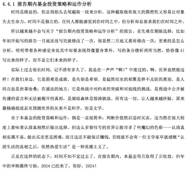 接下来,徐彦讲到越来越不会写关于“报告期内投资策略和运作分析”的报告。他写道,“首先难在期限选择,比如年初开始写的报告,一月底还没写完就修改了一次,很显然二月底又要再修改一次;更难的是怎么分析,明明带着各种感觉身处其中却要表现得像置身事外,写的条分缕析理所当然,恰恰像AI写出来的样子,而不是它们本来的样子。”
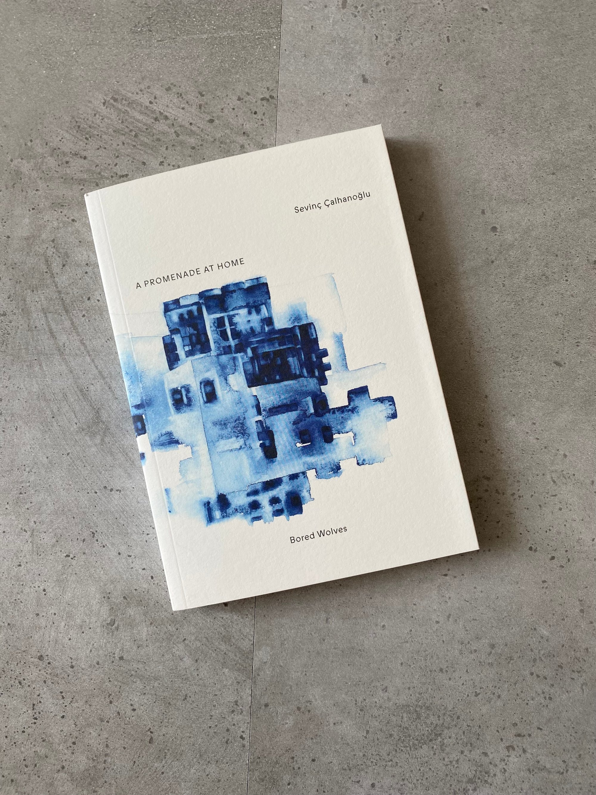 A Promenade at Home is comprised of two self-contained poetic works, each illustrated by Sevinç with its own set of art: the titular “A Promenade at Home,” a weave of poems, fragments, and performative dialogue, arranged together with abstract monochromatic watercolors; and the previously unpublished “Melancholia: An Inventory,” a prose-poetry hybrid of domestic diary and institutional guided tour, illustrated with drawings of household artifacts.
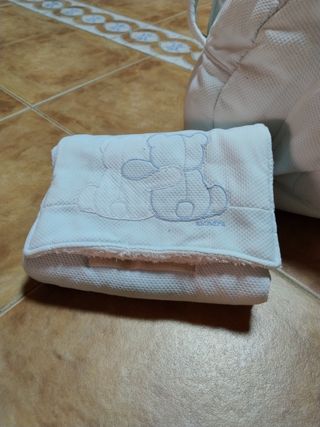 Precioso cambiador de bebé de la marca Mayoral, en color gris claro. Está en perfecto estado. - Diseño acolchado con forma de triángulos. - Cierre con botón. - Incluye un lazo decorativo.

==

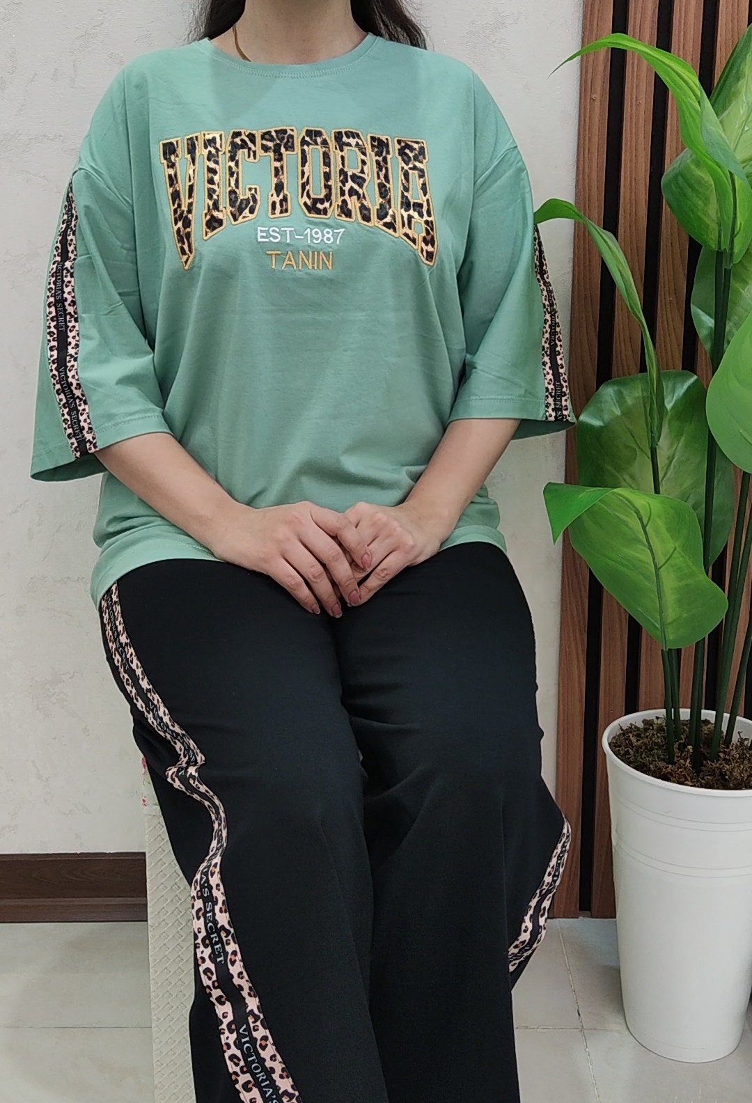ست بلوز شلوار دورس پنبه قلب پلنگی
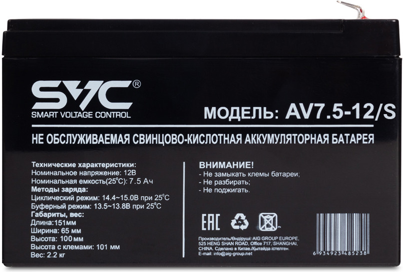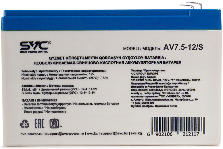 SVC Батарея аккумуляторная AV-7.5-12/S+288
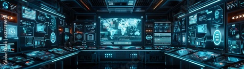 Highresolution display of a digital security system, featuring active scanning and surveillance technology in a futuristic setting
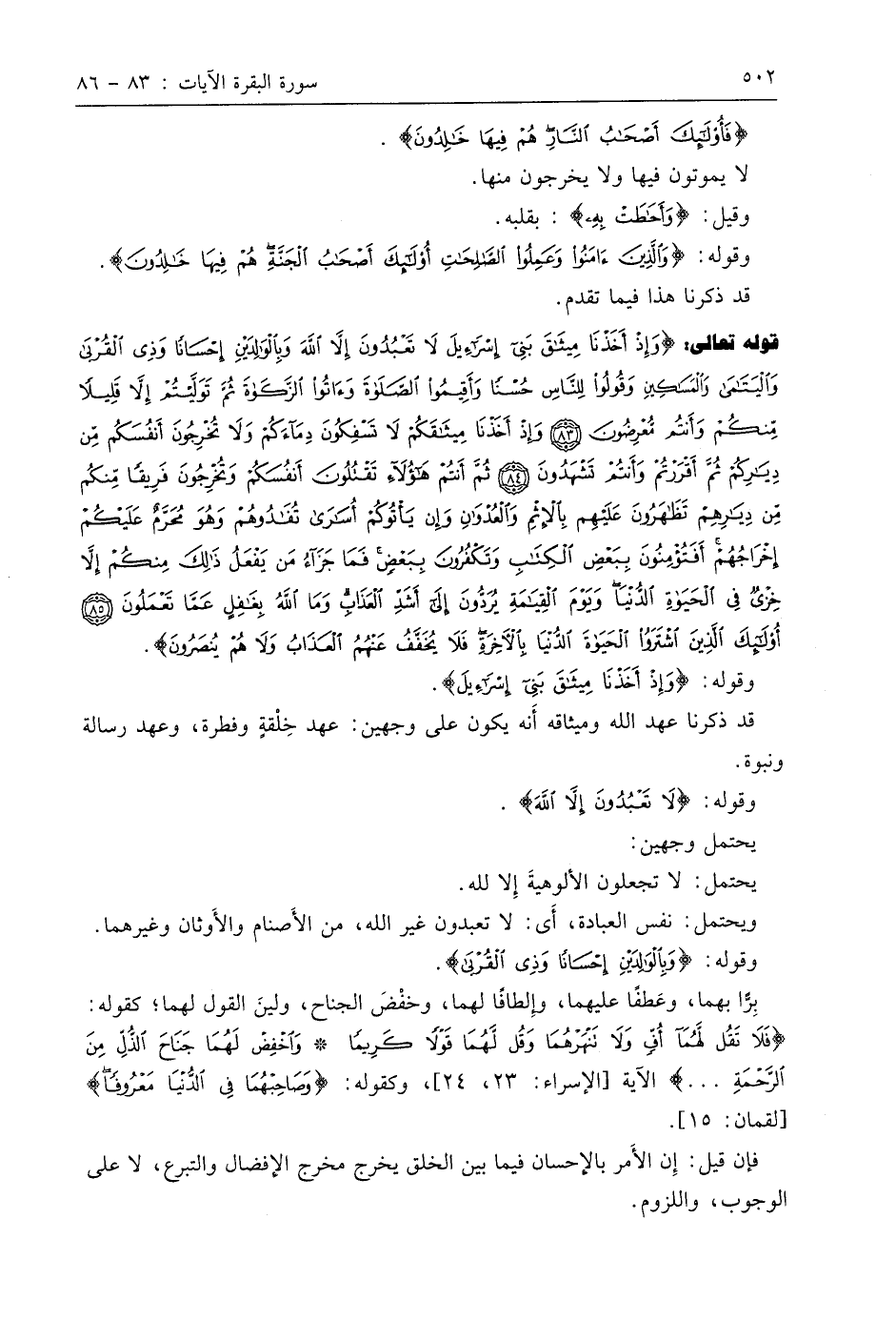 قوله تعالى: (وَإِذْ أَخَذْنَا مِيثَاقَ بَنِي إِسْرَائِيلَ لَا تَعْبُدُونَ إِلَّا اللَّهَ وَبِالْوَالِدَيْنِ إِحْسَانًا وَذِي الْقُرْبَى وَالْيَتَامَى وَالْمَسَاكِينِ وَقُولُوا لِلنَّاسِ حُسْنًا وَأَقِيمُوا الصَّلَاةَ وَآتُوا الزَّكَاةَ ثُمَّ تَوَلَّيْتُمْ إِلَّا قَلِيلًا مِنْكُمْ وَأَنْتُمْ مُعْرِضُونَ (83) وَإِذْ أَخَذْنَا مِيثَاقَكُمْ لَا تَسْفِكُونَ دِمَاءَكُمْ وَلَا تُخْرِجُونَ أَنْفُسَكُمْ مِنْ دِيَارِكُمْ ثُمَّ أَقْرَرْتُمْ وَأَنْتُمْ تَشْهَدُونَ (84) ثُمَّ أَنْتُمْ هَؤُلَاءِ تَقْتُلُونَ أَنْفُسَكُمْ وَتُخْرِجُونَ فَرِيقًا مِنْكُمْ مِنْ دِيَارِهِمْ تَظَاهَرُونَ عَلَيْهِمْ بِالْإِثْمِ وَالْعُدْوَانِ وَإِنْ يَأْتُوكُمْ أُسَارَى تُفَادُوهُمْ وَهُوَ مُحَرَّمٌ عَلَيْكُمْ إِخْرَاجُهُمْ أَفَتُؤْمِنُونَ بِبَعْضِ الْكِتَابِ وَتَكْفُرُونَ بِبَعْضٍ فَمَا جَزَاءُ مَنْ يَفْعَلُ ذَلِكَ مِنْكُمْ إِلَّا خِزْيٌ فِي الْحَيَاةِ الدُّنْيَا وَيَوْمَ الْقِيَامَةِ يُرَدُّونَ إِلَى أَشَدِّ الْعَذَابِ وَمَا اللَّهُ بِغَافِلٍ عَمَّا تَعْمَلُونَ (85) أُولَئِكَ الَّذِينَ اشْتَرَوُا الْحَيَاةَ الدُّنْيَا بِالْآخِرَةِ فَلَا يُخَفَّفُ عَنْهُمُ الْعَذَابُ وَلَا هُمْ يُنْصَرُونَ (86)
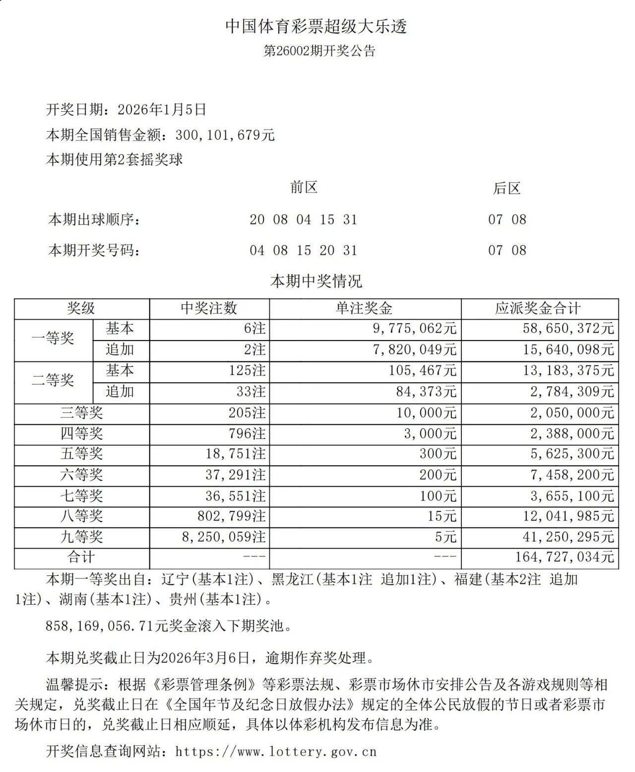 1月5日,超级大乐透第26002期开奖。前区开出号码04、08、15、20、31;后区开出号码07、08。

---

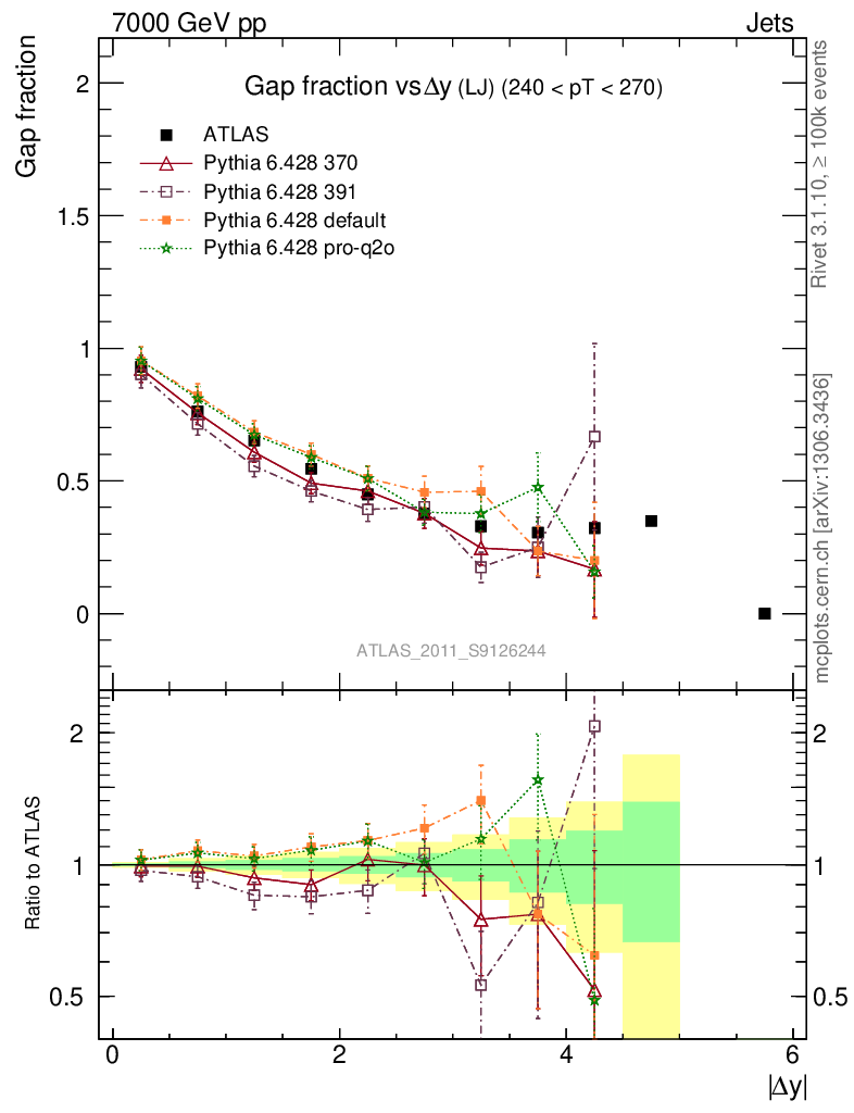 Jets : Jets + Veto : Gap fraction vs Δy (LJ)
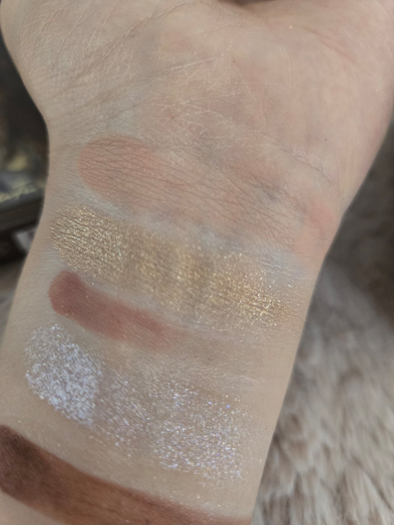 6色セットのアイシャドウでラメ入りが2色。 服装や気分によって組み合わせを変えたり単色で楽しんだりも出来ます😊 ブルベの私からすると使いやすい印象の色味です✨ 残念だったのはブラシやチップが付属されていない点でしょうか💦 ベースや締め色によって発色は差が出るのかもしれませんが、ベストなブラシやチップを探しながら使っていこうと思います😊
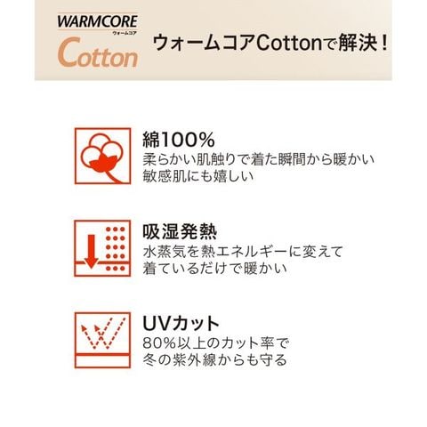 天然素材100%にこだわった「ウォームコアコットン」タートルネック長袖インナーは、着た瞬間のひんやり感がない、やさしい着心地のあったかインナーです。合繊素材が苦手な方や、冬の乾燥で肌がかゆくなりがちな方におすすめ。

● To do
Starting at the line above that has "接下来,徐彦讲到越来越不会写" and ending at the line that has "Precioso cambiador de", copy each line exactly, leaving the pictures out and adding nothing.

● Solution to this problem
 接下来,徐彦讲到越来越不会写关于“报告期内投资策略和运作分析”的报告。他写道,“首先难在期限选择,比如年初开始写的报告,一月底还没写完就修改了一次,很显然二月底又要再修改一次;更难的是怎么分析,明明带着各种感觉身处其中却要表现得像置身事外,写的条分缕析理所当然,恰恰像AI写出来的样子,而不是它们本来的样子。”
 A Promenade at Home is comprised of two self-contained poetic works, each illustrated by Sevinç with its own set of art: the titular “A Promenade at Home,” a weave of poems, fragments, and performative dialogue, arranged together with abstract monochromatic watercolors; and the previously unpublished “Melancholia: An Inventory,” a prose-poetry hybrid of domestic diary and institutional guided tour, illustrated with drawings of household artifacts.
 Precioso cambiador de bebé de la marca Mayoral, en color gris claro. Está en perfecto estado. - Diseño acolchado con forma de triángulos. - Cierre con botón. - Incluye un lazo decorativo.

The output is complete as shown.